On March 1, 2007, for value received, the undersigned, Prism Software
Corporation, a Delaware corporation (the "Company"), promises to pay to the
order of the CONRAD VON BIBRA REVOCABLE TRUST (the "Lender"), at 1415 Milan Ave,
South Pasadena, California 91030, or at such other place as the Lender may
designate in writing, the principal amount of Two Hundred Ninety-Five Thousand
Dollars and No Cents ($295,000.00). This Note is also secured by the Security
Agreement dated March 27, 2003 as amended by the Long Term Loan Agreement of
December 30, 2004.

1.       TERMS OF BORROWINGS. The borrowings (the "Obligations") shall be on the
         following terms and conditions:

         1.1      INTEREST RATE. From April 1, 2006, the Obligations shall bear
                  simple interest at a rate of 5% (five percent) per annum.
                  Interest not paid when due shall thereafter bear like interest
                  as the principal, but unpaid interest so compounded shall not
                  exceed the maximum rate permitted by law.

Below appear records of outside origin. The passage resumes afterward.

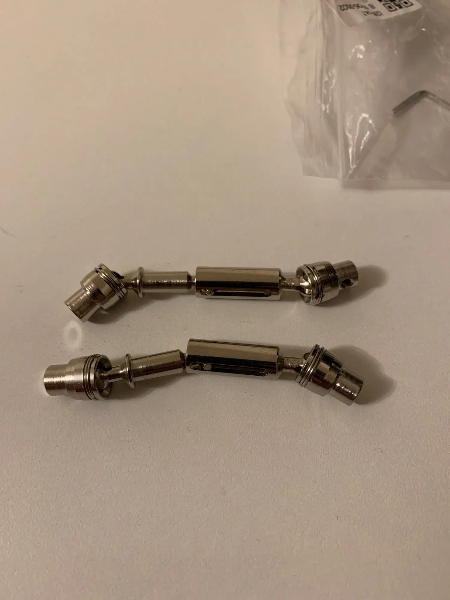 До Питера с момента заказа до поступления на почту ровно 14 дней - отличная скорость доставки. Минимальная рабочая длина 58мм, максимальная рабочая - примерно 68мм. Максимальная длина 72мм. Вращаются очень плавно. Понравилось что скажем так шрузы полностью разборные - снимаем пружину, вытаскиваем штырёк, и вынимаем крестовину. У меня в одном шрузе заедал круглый пиньён, в который штырёк вставляется - оказалось что одно отверстие под пиньен было не совсем ровно проточено, 5 минут с натфилем и всё ок. Вобщем отличные карданчики.
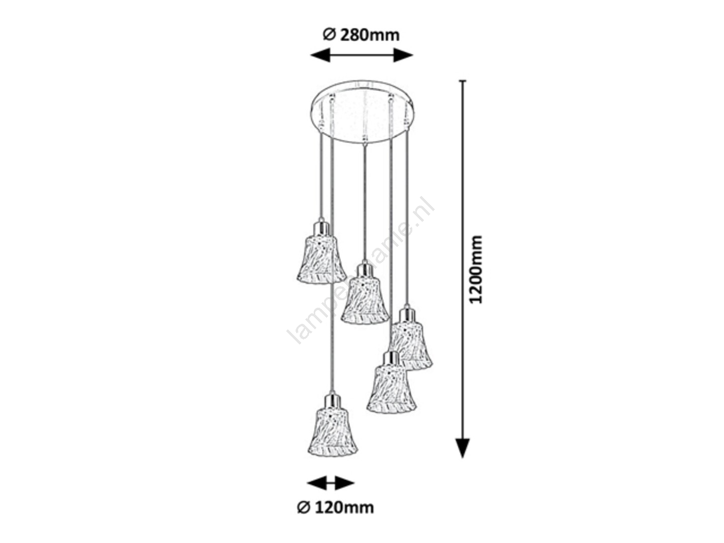 De hanglamp Hestia met 5 lampen in een klassieke stijl zal een elegant meubelstuk zijn in uw woonkamer, eetkamer of misschien slaapkamer. De chromen metalen lamp wordt aangevuld met transparante glazen kappen. De lamp kan aan het plafond worden bevestigd met een grote ronde sierplaat. Het bijzondere aan de klokvormige kappen die op verschillende hoogtes hangen, is het gedraaide effect van hun golvende oppervlak. Deze hanglamp is dankzij zijn formaat ook uitstekend geschikt voor het verlichten van ruimere ruimtes. De Hestia-lamp kan worden gebruikt met vijf lampen, elk met een vermogen tot 40W. Het type fitting is E14. Wilt u een intieme en gezellige sfeer creëren, kies dan voor warme witte lichtbronnen voor deze lamp. De afmetingen van de hanglamp Hestia met 5 lampen zijn als volgt: de diameter van elke kap is 120 mm, de totale diameter van de lamp is 280 mm, de afstand tot het plafond is 1.200 mm. Dit model wordt geleverd zonder lichtbronnen.
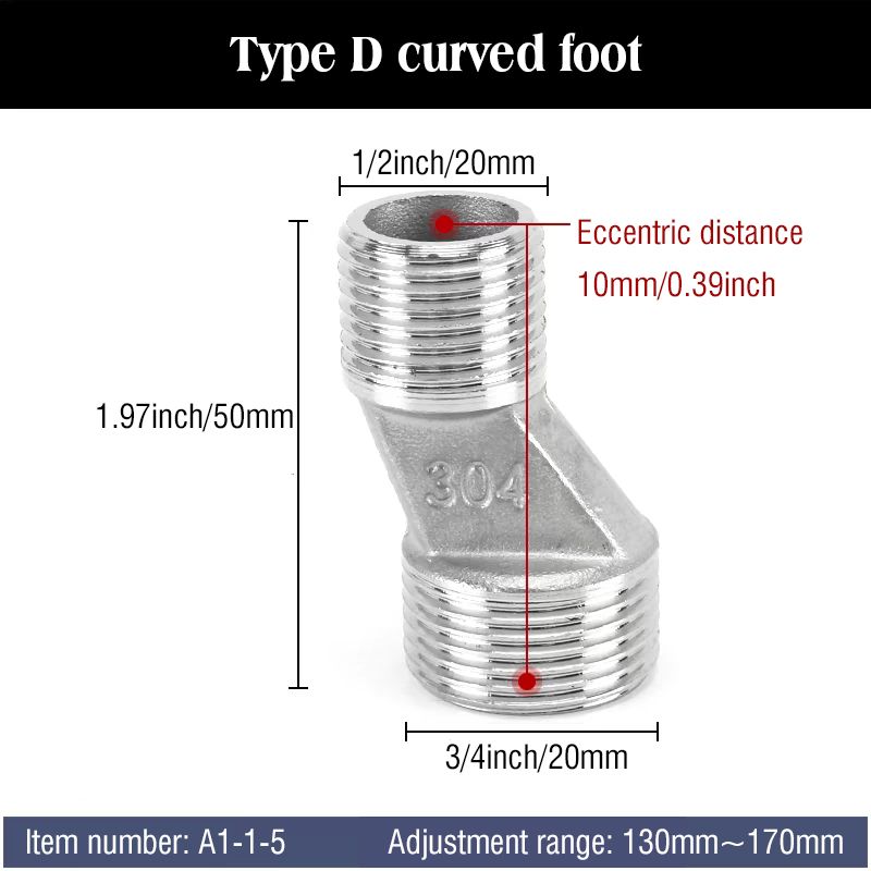 Shower faucet accessories: Extended and thickened elbow bends,curved pipes, and faucet joints for showerheads.The faucet is bent
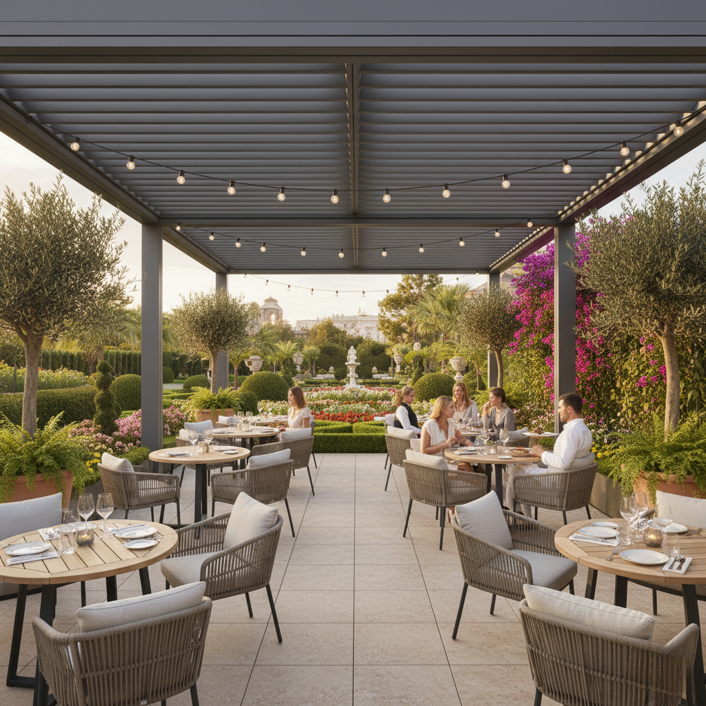 Installer une pergola professionnelle ou une protection solaire adaptée aux cafés, hôtels et restaurants permet :
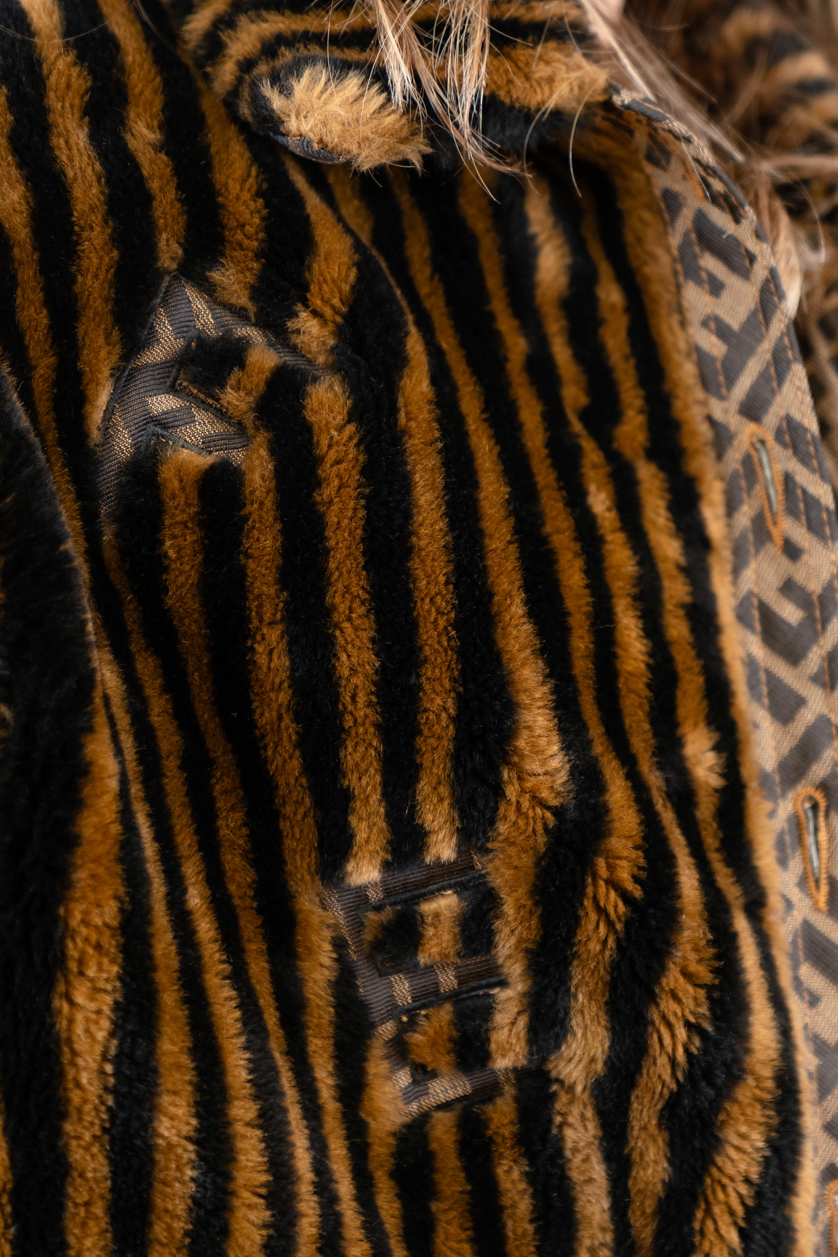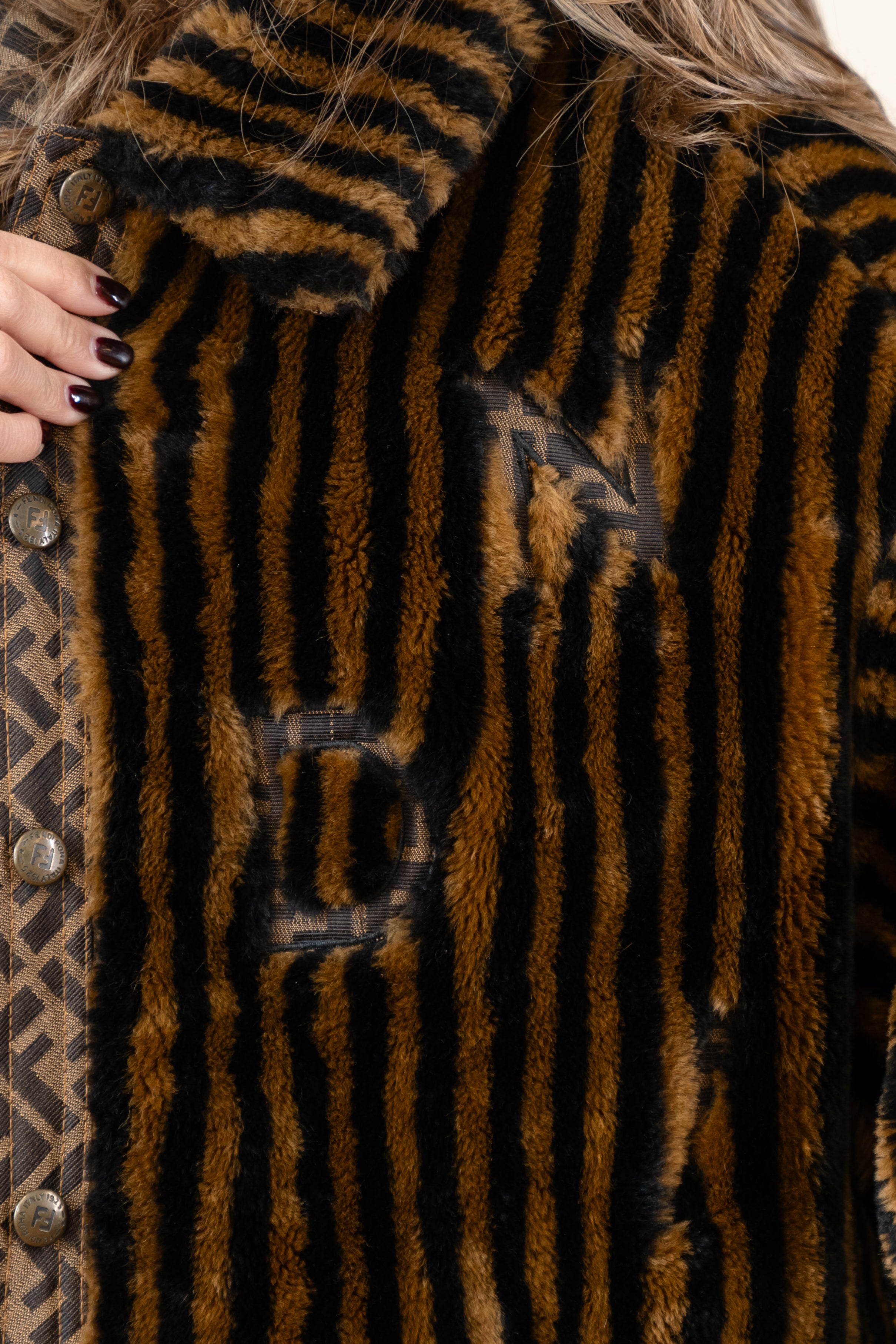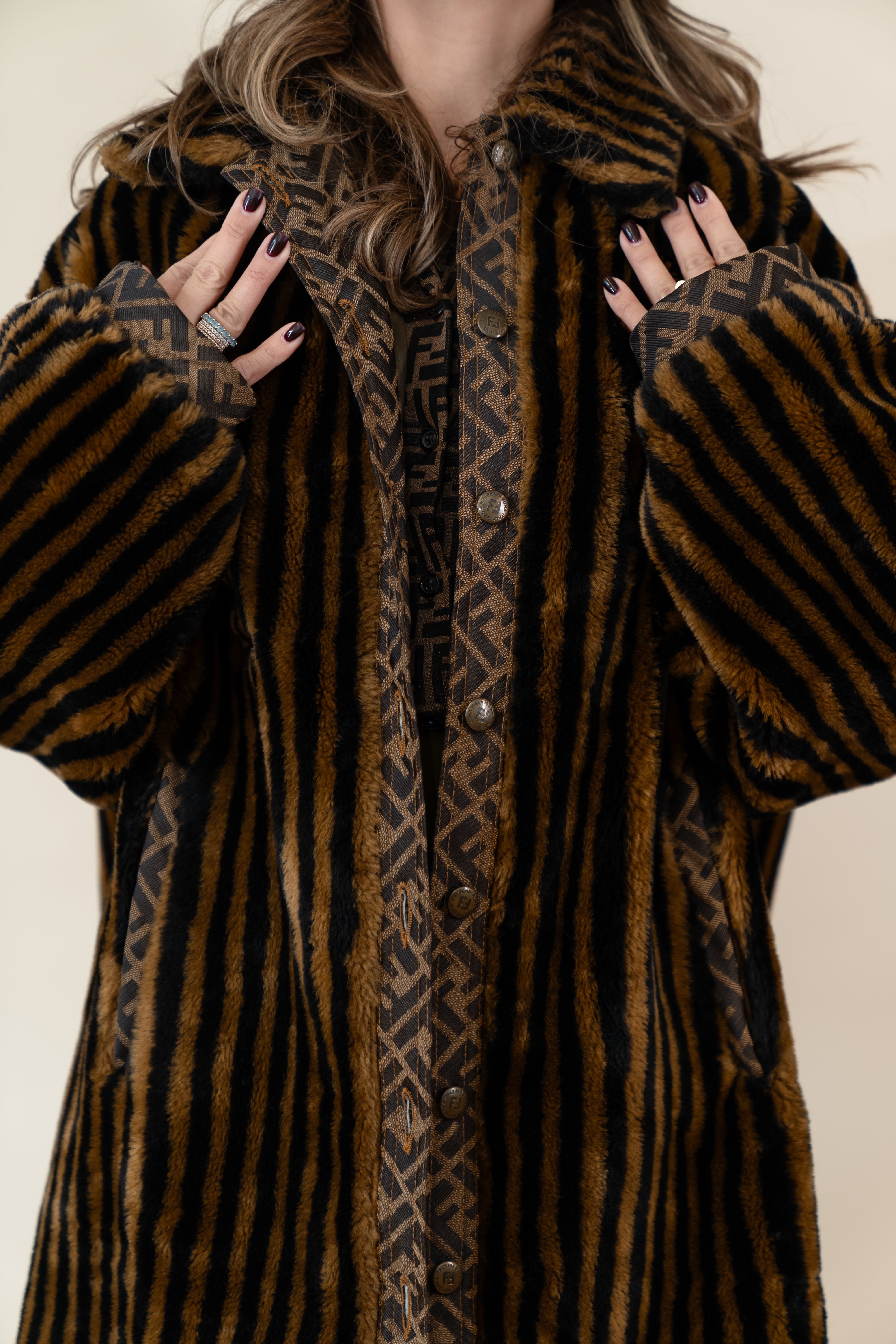 Elevate your wardrobe with this Fendi Vintage Brown Striped Logo Coat. Featuring the iconic Fendi logo and timeless brown stripes, this coat merges classic luxury with distinctive style. Crafted for warmth and sophistication, it’s perfect for making a bold statement during cooler seasons while showcasing your refined taste.
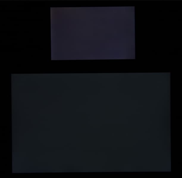 Яркость под этим углом у обоих экранов заметно уменьшилась (выдержка увеличена в 5 раз), но экран MacBook Pro все же немного светлее. Черное поле при отклонении по диагонали высветляется слабо и приобретает легкий красно-фиолетовый оттенок. Фотография ниже это демонстрирует (яркость белых участков в перпендикулярном плоскости экранов направлении примерно одинаковая!):
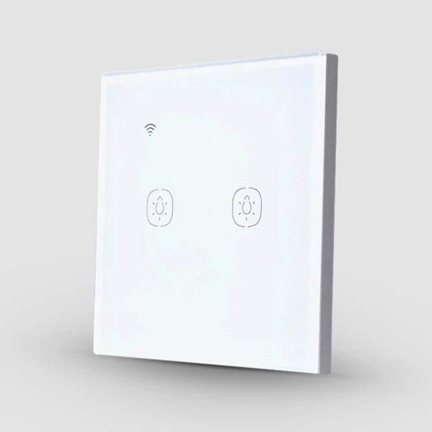Сенсорний WiFi вимикач Tuya (Білий, 2 клавіші) Без нульової лінії

         1.2      TERMS OF PAYMENT. Principal and interest are due and payable
                  on March 1, 2007. The Company may, at its option, prepay all
                  or any amount owed prior to such date. Unless otherwise
                  specified by Lender, any such payment shall be credited to
                  principal and interest accrued upon such principal.

         1.3.     USURY LIMITATION. In no event shall the interest rate payable
                  pursuant to this Note higher than permitted by applicable law.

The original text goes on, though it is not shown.